[[ STUDY MATERIAL, beginning ]]

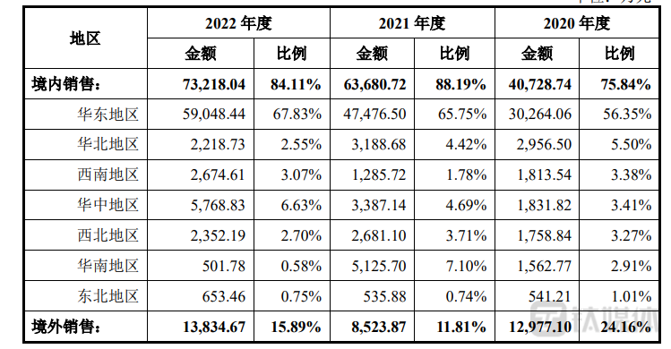 分区域来看,江顺科技收入主要集中在华东地区,其收入占比分别为56.35%、65.75%、67.83%,呈不断集中趋势。其次为境外收入,收入占比分别为24.16%、11.81%、15.89%。各期境内其他区域收入占比较低,最高是华中地区(2022年6.63%)。
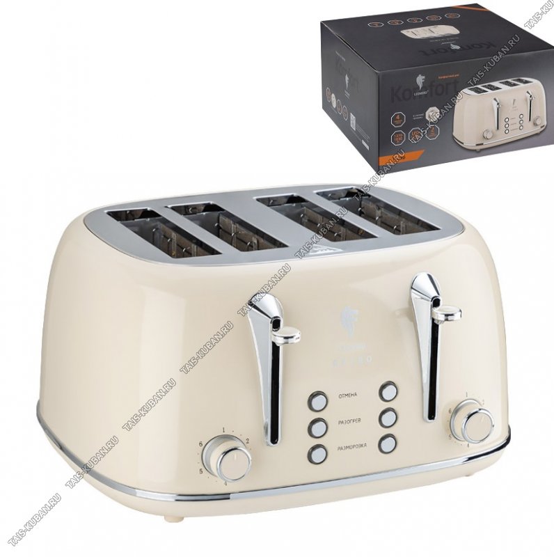 Ретро крем Тостер 1630Вт. 6 степеней поджаривания (3)
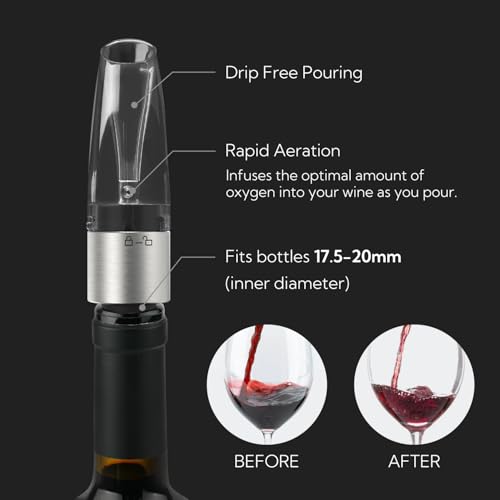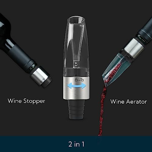 The KITCHENDAO wine aerator pourer & stopper combines functionality and convenience with a 2-in-1 design, featuring a built-in stopper for short-term storage. Its ergonomic spout enables drip-free pouring, preventing spills. Made from BPA-free, food-grade materials, it ensures durability and health safety. Ideal for enhancing the bouquet and flavor of your wine, this easy-to-use aerator adjusts to standard wine bottles effortlessly.
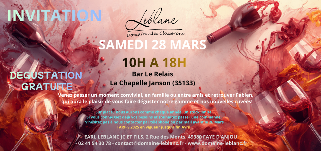Sur place, nous aurons un stock limité, de ce fait vous pouvez dès à présent, si vous le désirez, nous adresser vos commandes avant le 26 MARS par téléphone au 02 41 54 30 78 ou par mail sur contact@domaine-leblanc.fr
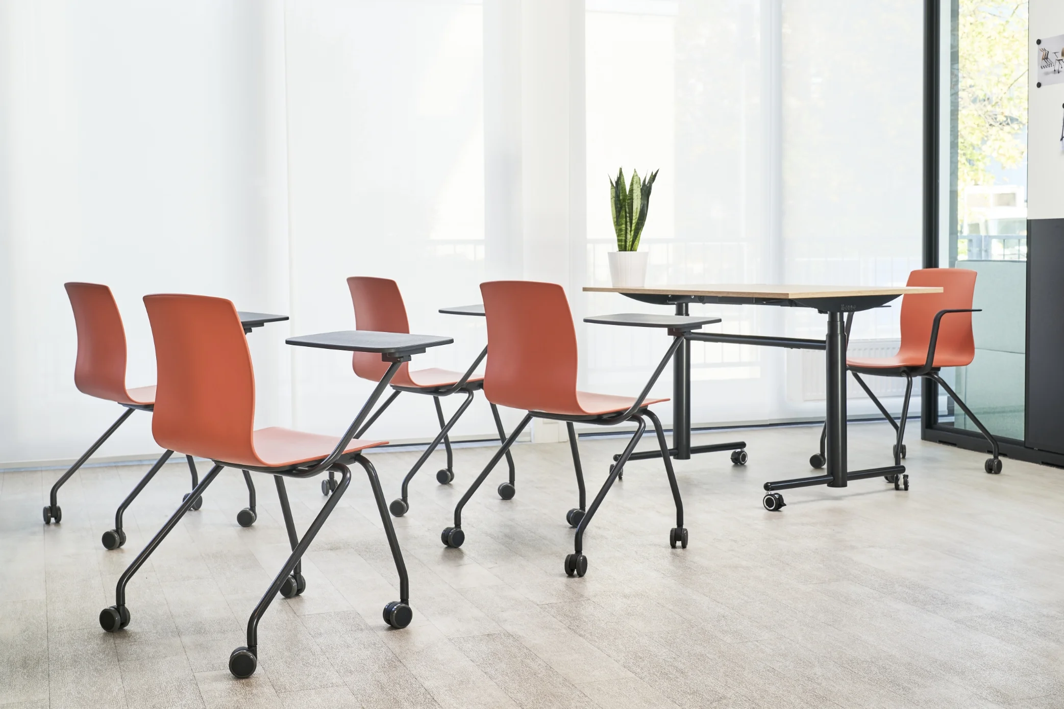 Que ce soit dans la cantine et les zones intermédiaires, Fiore met en avant son caractère diversifié dans les versions de piétement luge, piétement traîneau, quatre pieds, tabouret de bar ou encore siège encastrable. Il peut être rangé sans encombrement grâce à son empilabilité et son encastrabilité.
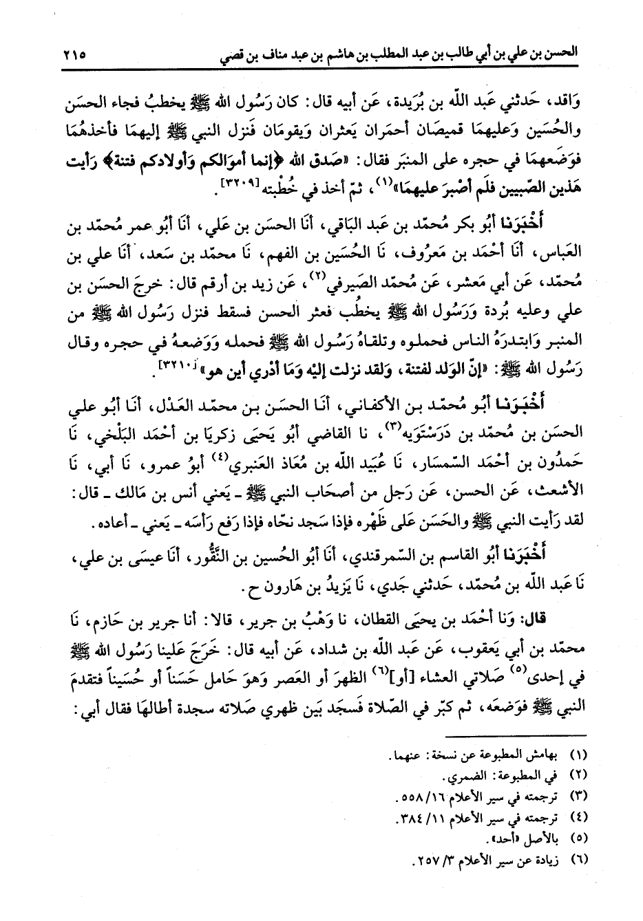 واقد حدثني عبد الله بن بريدة عن أبيه قال كان رسول الله (صلى الله عليه وسلم) يخطب فجاء الحسن والحسين وعليهما قميصان أحمران يعثران ويقومان فنزل النبي (صلى الله عليه وسلم) إليهما فأخذهما فوضعهما في حجرة على المنبر فقال صدق الله (إنما أموالكم وأولادكم فتنة) رأيت هذين الصبيين فلم اصبر عليهما (1) ثم اخذ في خطبته اخبرنا أبو بكر محمد بن عبد الباقي أنا الحسن بن علي أنا أبو عمر محمد بن العباس أنا احمد بن معروف نا الحسين بن الفهم نا محمد بن سعد أنا علي بن محمد عن أبي معشر عن محمد الصيرفي (2) عن زيد بن ارقم قال خرج الحسن بن علي وعليه بردة ورسول الله (صلى الله عليه وسلم) يخطب فعثر الحسن فسقط فنزل رسول الله (صلى الله عليه وسلم) من المنبر وابتدره الناس فحملوه وتلقاه رسول الله (صلى الله عليه وسلم) فحمله ووضعه في حجره وقال رسول الله (صلى الله عليه وسلم) إن الولد لفتنة ولقد نزلت إليه وما ادري أين هو اخبرنا أبو محمد بن ألا كفاني أنا الحسن بن محمد العدل أنا أبو علي الحسن بن محمد بن درستويه (3) نا القاضي أبو يحيى زكريا بن احمد البلخي نا حمدون بن احمد السمسار نا عبيد الله بن معاذ العنبري (4) أبو عمرو نا أبي نا الاشعت عن الحسن عن رجل من أصحاب النبي (صلى الله عليه وسلم) يعني انس بن مالك قال لقد رأيت النبي (صلى الله عليه وسلم) والحسن على ظهره فإذا سجد نحاه فإذا رفع رأسه يعني أعاده اخبرنا أبو القاسم بن السمرقندي أنا أبو الحسين بن النقور أنا عيسى بن علي نا عبد الله بن محمد حدثني جدي نا يزيد بن هارون قال ونا احمد بن يحيى القطان نا وهب بن جرير قالا أنا جرير بن حازم نا محمد بن أبي يعقوب عن عبد الله بن شداد عن أبيه قال خرج علينا رسول الله (صلى الله عليه وسلم) في احدي (5) صلاتي العشاء أو (6) الظهر أو العصر وهو حامل حسنا أو حسينا فتقدم النبي (صلى الله عليه وسلم) فوضعه ثم كبر في الصلاة فسجد بين ظهري صلاته سجدة اطالها فقال أبي
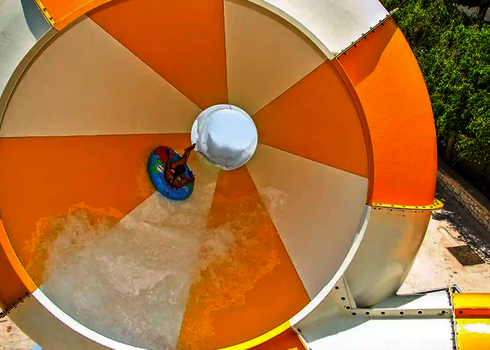 Die Wasserrutsche Crazy Cone überzeugt durch ihre besondere Geometrie, die eine unerwartete Öffnung im Rutschenverlauf bietet. Nach einer schnellen Anfahrt schwingen die Gäste im Trichter hin und her, bevor sie sicher durch den Auslauf gleiten. Der Crazy Cone kann sowohl für Einzel- als auch für Doppelreifen ausgelegt werden. Durch verschiedene Durchmesser und Winkelkombinationen lässt sich die Rutsche individuell gestalten. Dank der offenen oder geschlossenen Bauweise kann sie an unterschiedliche Standorte angepasst werden – ob als Highlight im Indoorbereich oder als spektakuläre Outdoor-Attraktion. Für eine noch intensivere Wirkung sorgen optionale Taglichtelemente, LED-Effekte oder Projektionen im Inneren des Trichters. Der Crazy Cone überzeugt sowohl funktional als auch visuell – ideal für Wasserparks, Freizeitbäder oder Kreuzfahrtschiffe.
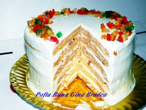 Pe fiecare strat de crema eu am pus si cubulete de coaja de lamaie si portocala confiata – vedeti reteta. Se aseaza fiecare foaie sa fie dreapta.
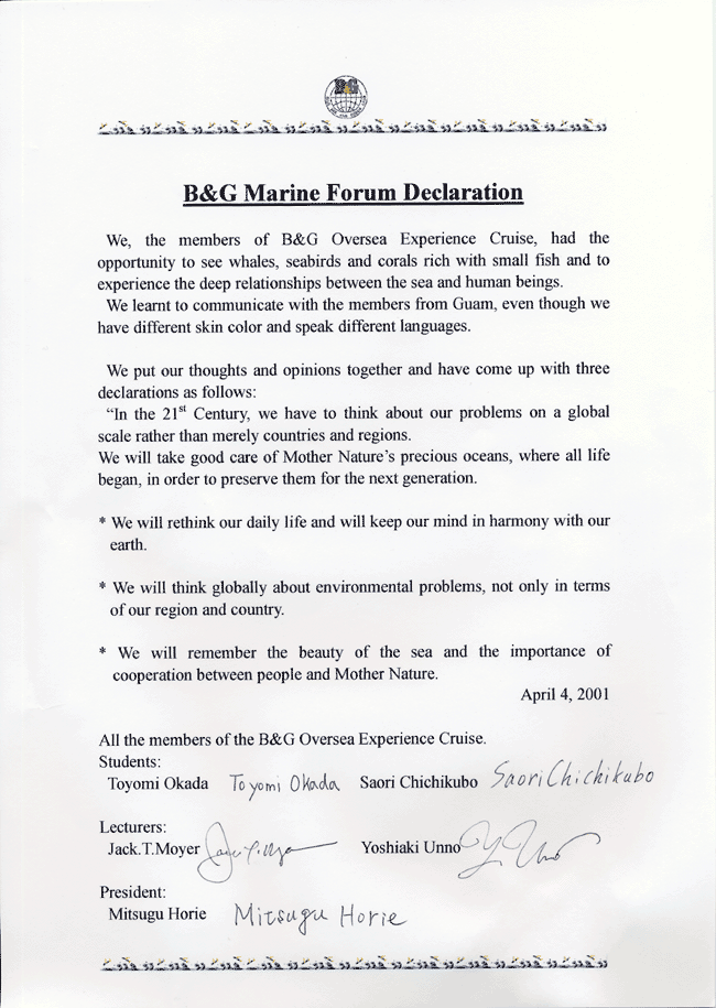 私達の意見をまとめることができましたので、以下の宣言をいたします。『21世紀は、国や地域にとらわれず、地球全体で色々な問題を考えなければいけない世紀だと考えます。私達は、私達人類の生命を生み、育んできたこの美しい地球を、私達のため、未来のために、地球の生命の源、母なる海を大切にします。』

[[ STUDY MATERIAL, end ]]

**TASK PROMPT**
Only the lines from the start of the records to the one containing "Que ce soit" should be repeated, exactly and with both ends kept; drop any pictures.

**TASK ANSWER**
 分区域来看,江顺科技收入主要集中在华东地区,其收入占比分别为56.35%、65.75%、67.83%,呈不断集中趋势。其次为境外收入,收入占比分别为24.16%、11.81%、15.89%。各期境内其他区域收入占比较低,最高是华中地区(2022年6.63%)。
 Ретро крем Тостер 1630Вт. 6 степеней поджаривания (3)
 The KITCHENDAO wine aerator pourer & stopper combines functionality and convenience with a 2-in-1 design, featuring a built-in stopper for short-term storage. Its ergonomic spout enables drip-free pouring, preventing spills. Made from BPA-free, food-grade materials, it ensures durability and health safety. Ideal for enhancing the bouquet and flavor of your wine, this easy-to-use aerator adjusts to standard wine bottles effortlessly.
Sur place, nous aurons un stock limité, de ce fait vous pouvez dès à présent, si vous le désirez, nous adresser vos commandes avant le 26 MARS par téléphone au 02 41 54 30 78 ou par mail sur contact@domaine-leblanc.fr
 Que ce soit dans la cantine et les zones intermédiaires, Fiore met en avant son caractère diversifié dans les versions de piétement luge, piétement traîneau, quatre pieds, tabouret de bar ou encore siège encastrable. Il peut être rangé sans encombrement grâce à son empilabilité et son encastrabilité.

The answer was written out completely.